Only the pictures are to be dropped; return all other data below exactly.

(RECORD EXTRACTS Opens)

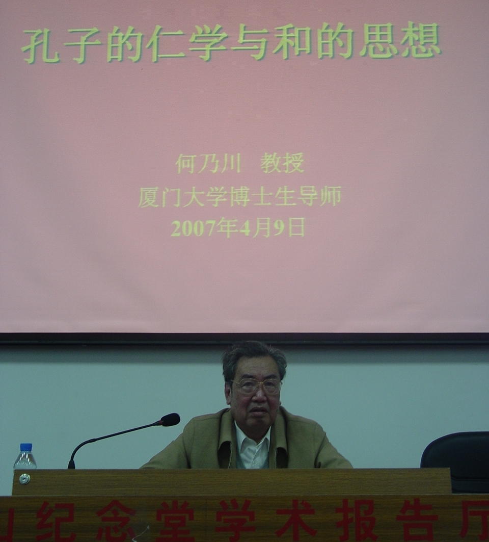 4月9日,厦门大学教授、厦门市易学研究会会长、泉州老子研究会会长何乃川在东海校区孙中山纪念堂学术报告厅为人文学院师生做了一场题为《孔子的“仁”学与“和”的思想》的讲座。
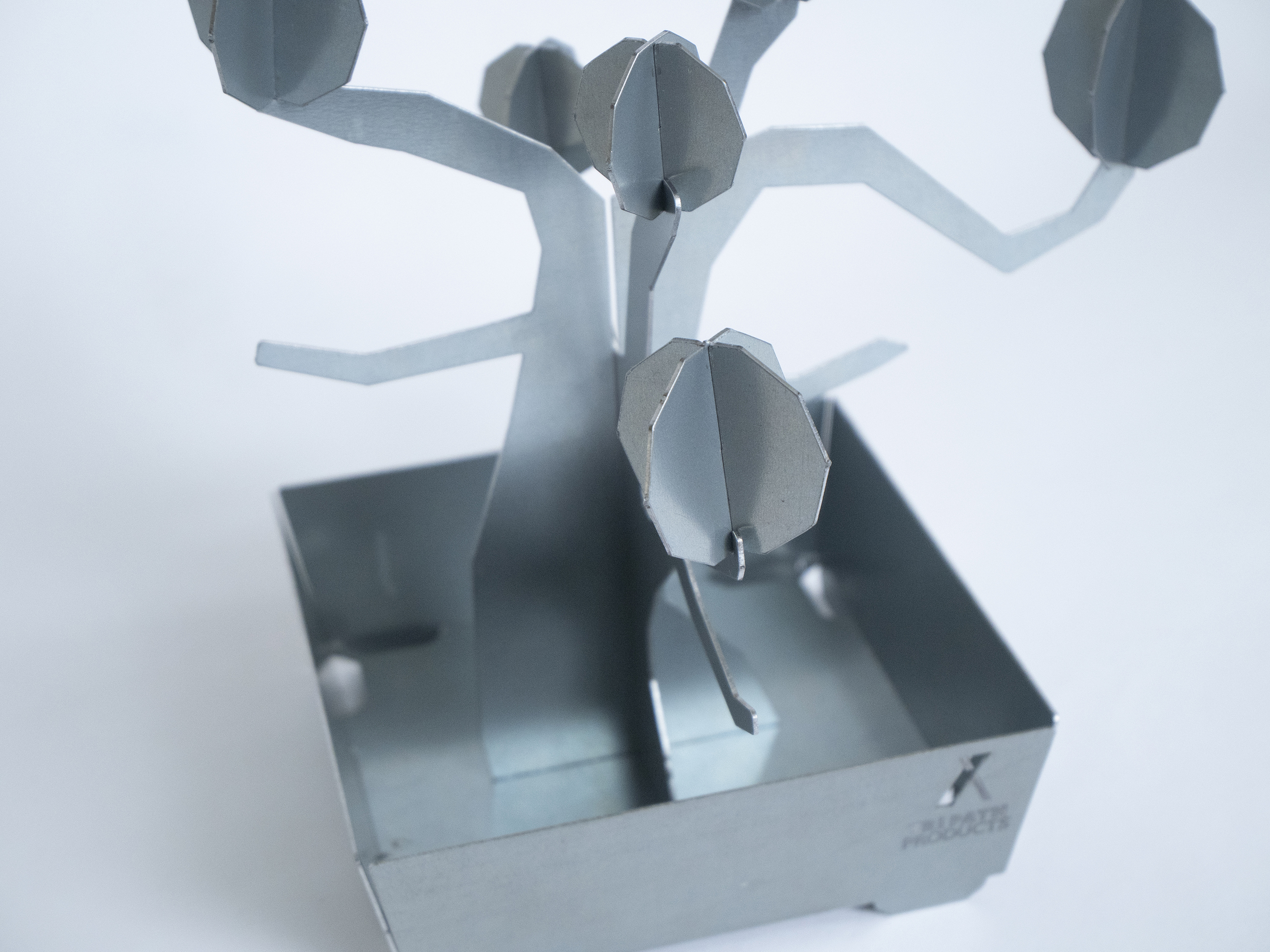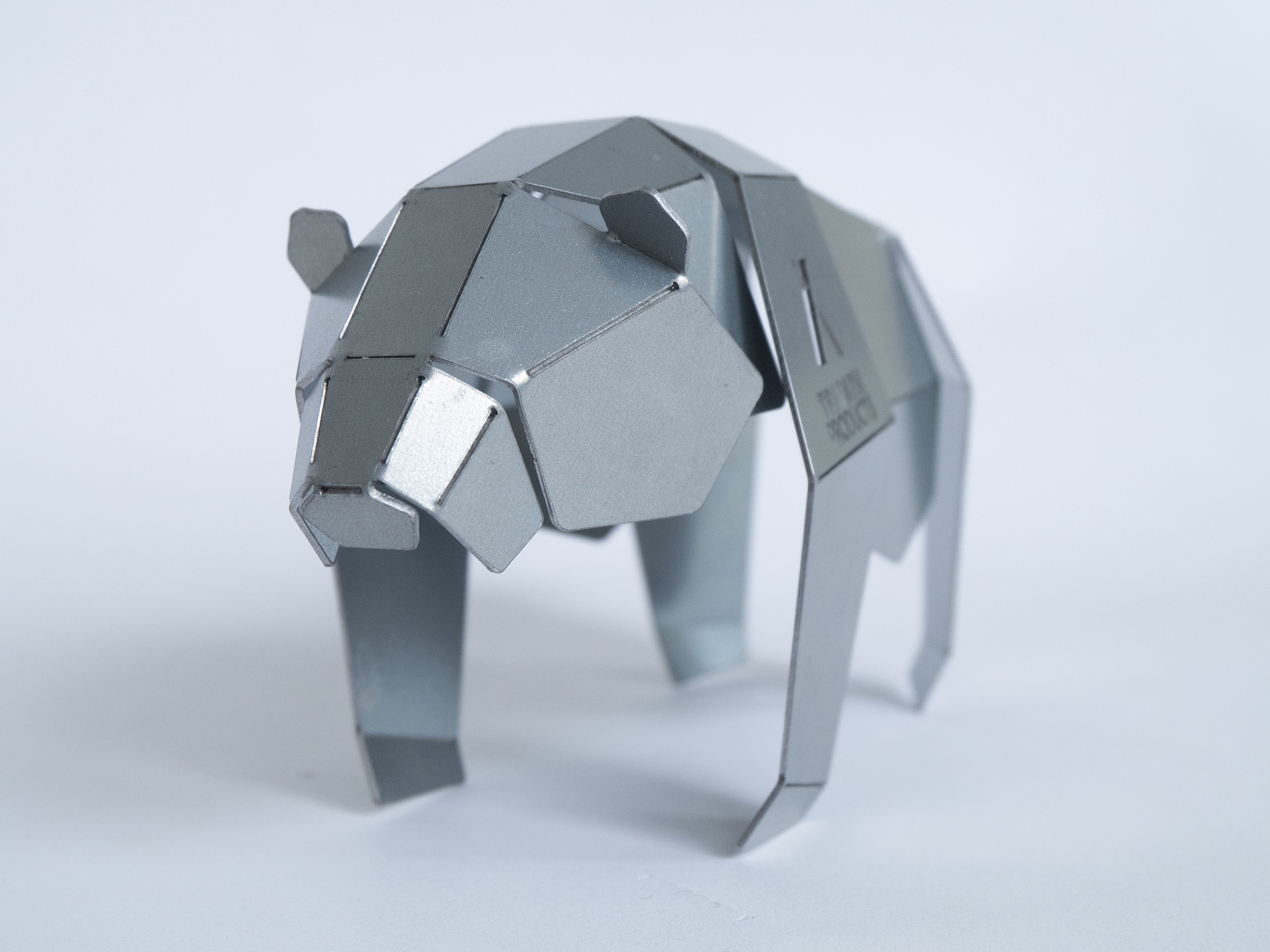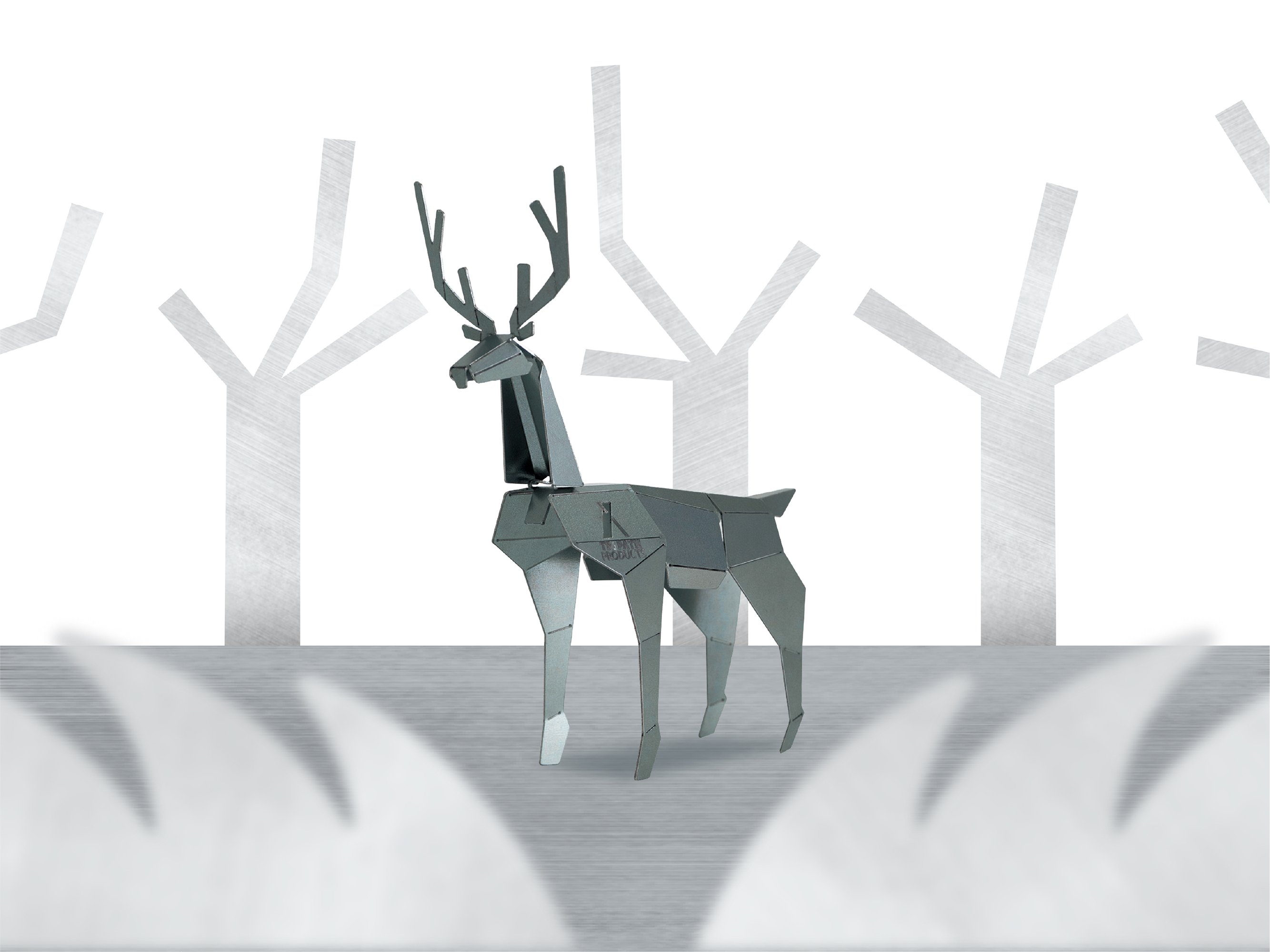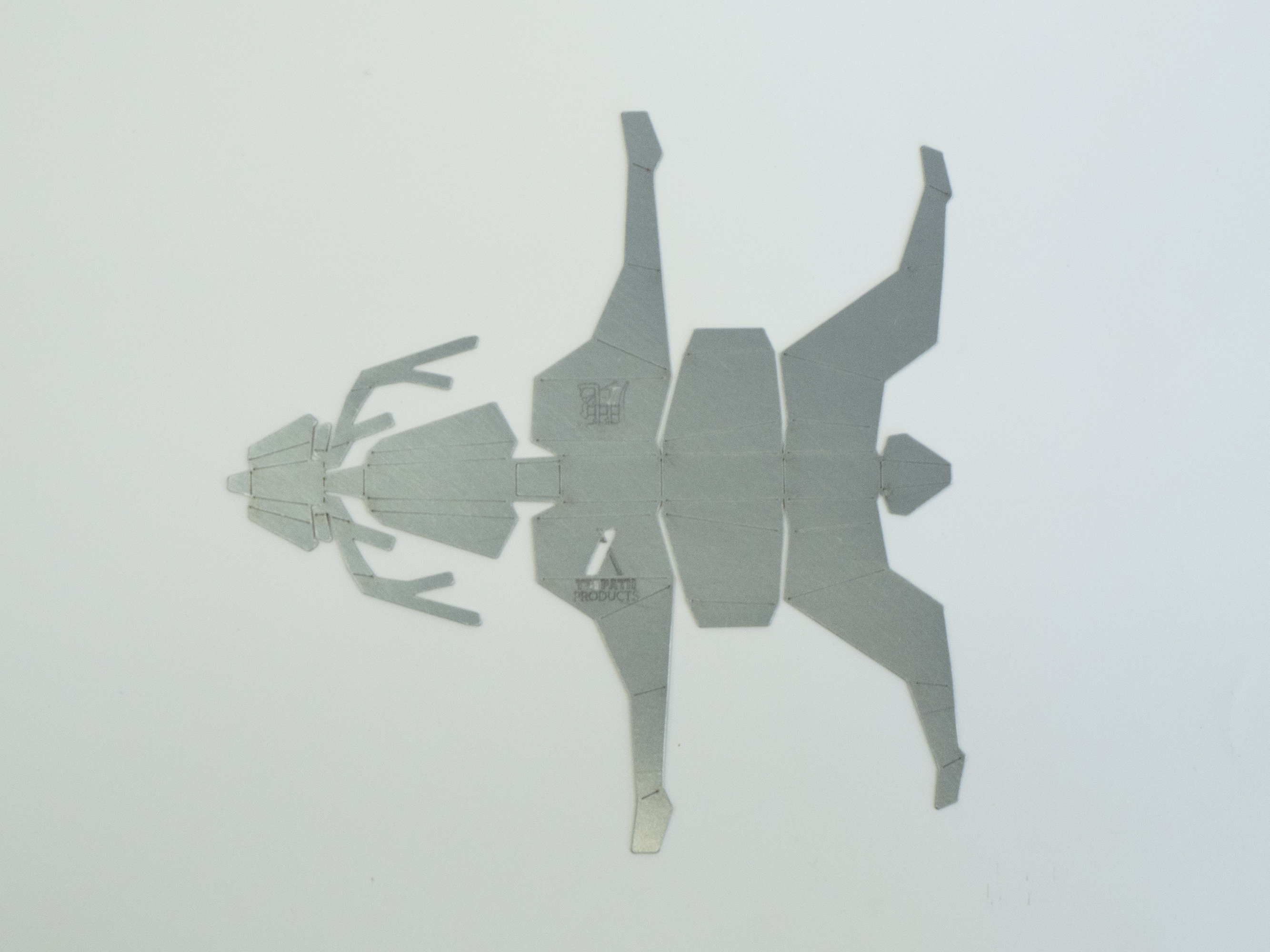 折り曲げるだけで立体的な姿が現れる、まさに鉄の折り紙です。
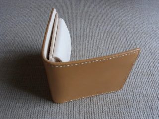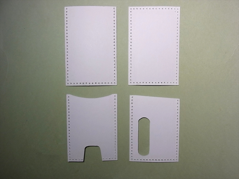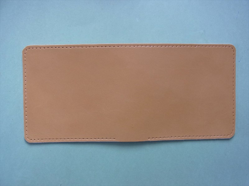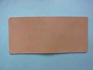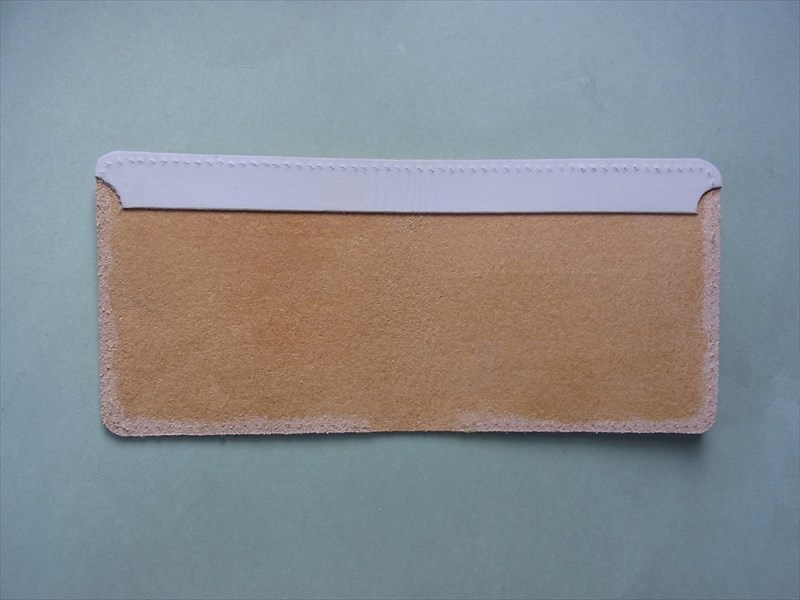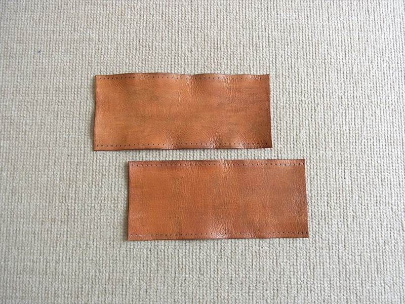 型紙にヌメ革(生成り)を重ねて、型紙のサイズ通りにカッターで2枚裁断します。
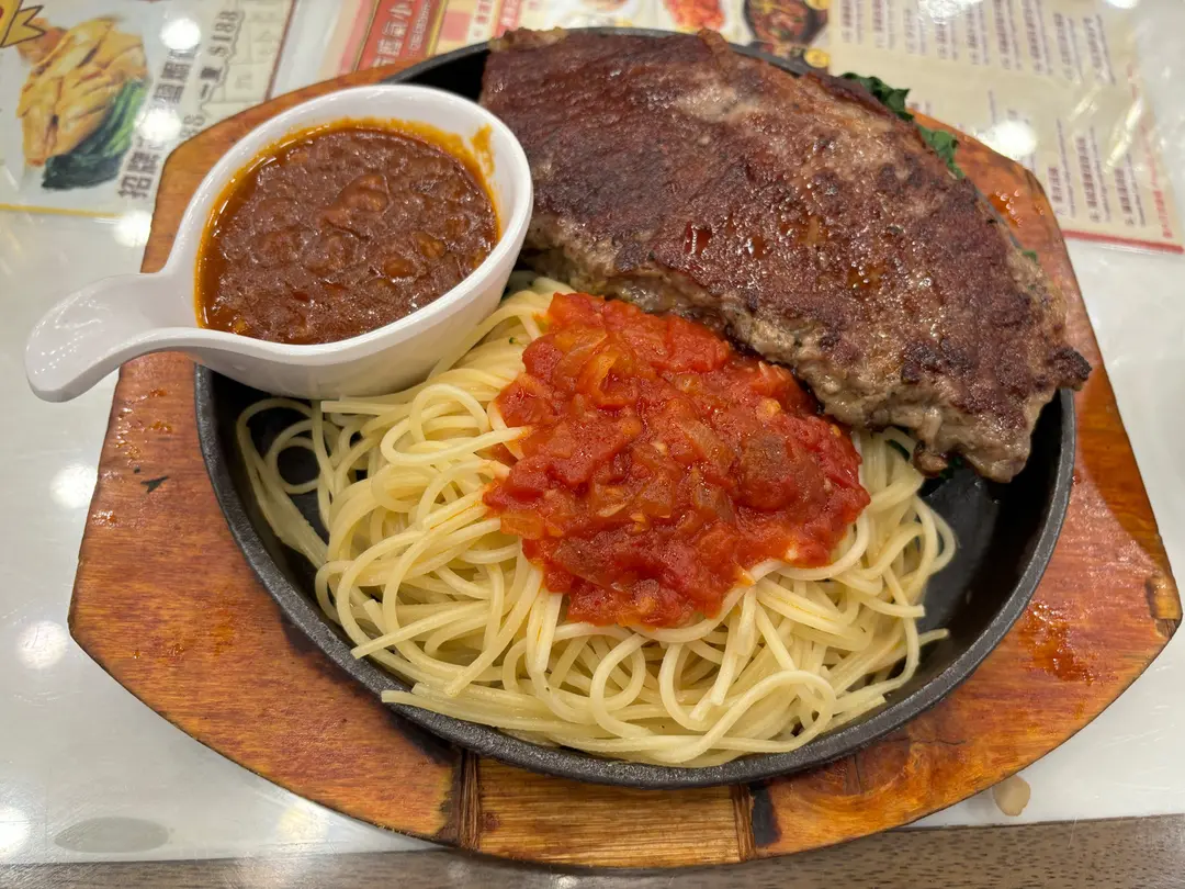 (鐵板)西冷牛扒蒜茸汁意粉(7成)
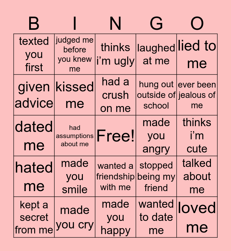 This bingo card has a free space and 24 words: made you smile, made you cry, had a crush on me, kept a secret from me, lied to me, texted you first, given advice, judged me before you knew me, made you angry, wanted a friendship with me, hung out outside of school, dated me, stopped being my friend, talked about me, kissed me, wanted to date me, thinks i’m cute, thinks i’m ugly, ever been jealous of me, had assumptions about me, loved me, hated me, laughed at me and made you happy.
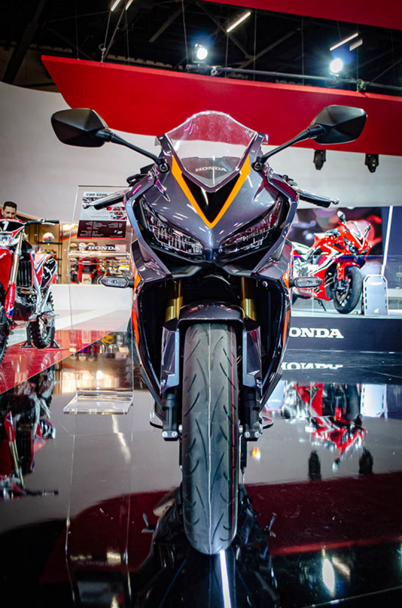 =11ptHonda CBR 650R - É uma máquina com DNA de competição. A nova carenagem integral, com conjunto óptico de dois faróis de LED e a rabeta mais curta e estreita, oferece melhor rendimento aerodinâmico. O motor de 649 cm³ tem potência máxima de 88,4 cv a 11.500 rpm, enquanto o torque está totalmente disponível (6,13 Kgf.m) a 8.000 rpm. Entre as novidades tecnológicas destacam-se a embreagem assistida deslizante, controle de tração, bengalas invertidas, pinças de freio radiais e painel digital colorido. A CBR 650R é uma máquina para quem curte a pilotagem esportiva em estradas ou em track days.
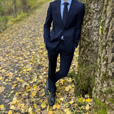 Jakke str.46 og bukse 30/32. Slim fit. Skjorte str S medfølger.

(RECORD EXTRACTS Closes)

SOLUTION FOR THIS EXERCISE:
 4月9日,厦门大学教授、厦门市易学研究会会长、泉州老子研究会会长何乃川在东海校区孙中山纪念堂学术报告厅为人文学院师生做了一场题为《孔子的“仁”学与“和”的思想》的讲座。
 折り曲げるだけで立体的な姿が現れる、まさに鉄の折り紙です。
 型紙にヌメ革(生成り)を重ねて、型紙のサイズ通りにカッターで2枚裁断します。
 (鐵板)西冷牛扒蒜茸汁意粉(7成)
 This bingo card has a free space and 24 words: made you smile, made you cry, had a crush on me, kept a secret from me, lied to me, texted you first, given advice, judged me before you knew me, made you angry, wanted a friendship with me, hung out outside of school, dated me, stopped being my friend, talked about me, kissed me, wanted to date me, thinks i’m cute, thinks i’m ugly, ever been jealous of me, had assumptions about me, loved me, hated me, laughed at me and made you happy.
 =11ptHonda CBR 650R - É uma máquina com DNA de competição. A nova carenagem integral, com conjunto óptico de dois faróis de LED e a rabeta mais curta e estreita, oferece melhor rendimento aerodinâmico. O motor de 649 cm³ tem potência máxima de 88,4 cv a 11.500 rpm, enquanto o torque está totalmente disponível (6,13 Kgf.m) a 8.000 rpm. Entre as novidades tecnológicas destacam-se a embreagem assistida deslizante, controle de tração, bengalas invertidas, pinças de freio radiais e painel digital colorido. A CBR 650R é uma máquina para quem curte a pilotagem esportiva em estradas ou em track days.
 Jakke str.46 og bukse 30/32. Slim fit. Skjorte str S medfølger.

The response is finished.